* _EXERCISE PROMPT_: Output all of the lines below exactly, and leave out each image.

* _INFORMATION SUPPLIED_:
* * *
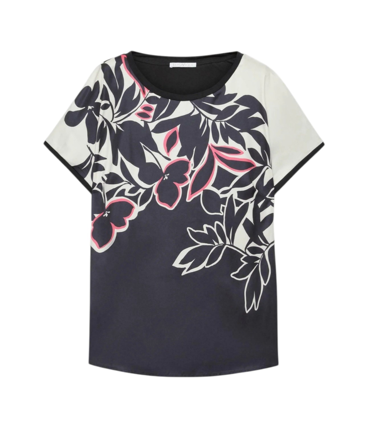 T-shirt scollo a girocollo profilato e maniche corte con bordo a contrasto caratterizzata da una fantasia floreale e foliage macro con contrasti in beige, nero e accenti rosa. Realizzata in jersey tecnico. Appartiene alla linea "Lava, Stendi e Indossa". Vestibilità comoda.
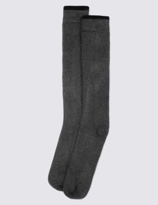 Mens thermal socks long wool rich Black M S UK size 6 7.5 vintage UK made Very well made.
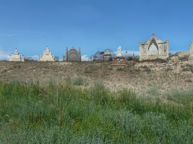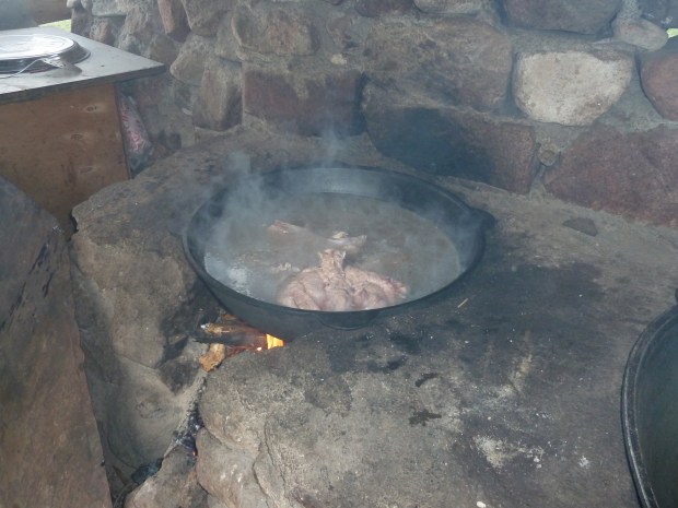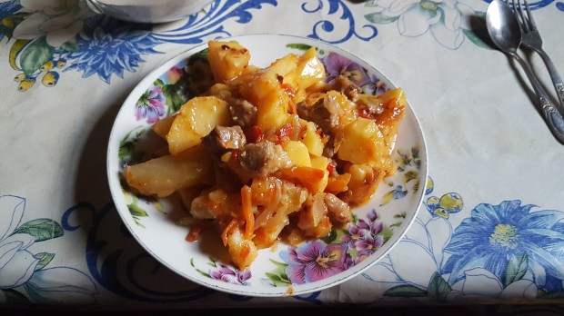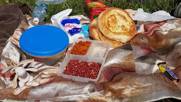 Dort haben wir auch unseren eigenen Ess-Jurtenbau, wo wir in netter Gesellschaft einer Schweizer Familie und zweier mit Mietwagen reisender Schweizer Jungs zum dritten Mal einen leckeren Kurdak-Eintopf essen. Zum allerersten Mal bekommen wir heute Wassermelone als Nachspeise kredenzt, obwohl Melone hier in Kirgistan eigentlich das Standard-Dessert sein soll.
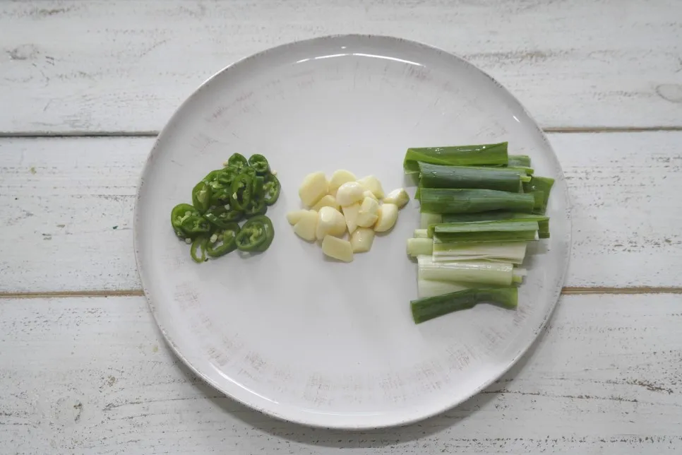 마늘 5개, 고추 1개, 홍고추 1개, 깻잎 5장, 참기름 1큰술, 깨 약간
* * *
* _TASK OUTPUT_:
 T-shirt scollo a girocollo profilato e maniche corte con bordo a contrasto caratterizzata da una fantasia floreale e foliage macro con contrasti in beige, nero e accenti rosa. Realizzata in jersey tecnico. Appartiene alla linea "Lava, Stendi e Indossa". Vestibilità comoda.
 Mens thermal socks long wool rich Black M S UK size 6 7.5 vintage UK made Very well made.
 Dort haben wir auch unseren eigenen Ess-Jurtenbau, wo wir in netter Gesellschaft einer Schweizer Familie und zweier mit Mietwagen reisender Schweizer Jungs zum dritten Mal einen leckeren Kurdak-Eintopf essen. Zum allerersten Mal bekommen wir heute Wassermelone als Nachspeise kredenzt, obwohl Melone hier in Kirgistan eigentlich das Standard-Dessert sein soll.
 마늘 5개, 고추 1개, 홍고추 1개, 깻잎 5장, 참기름 1큰술, 깨 약간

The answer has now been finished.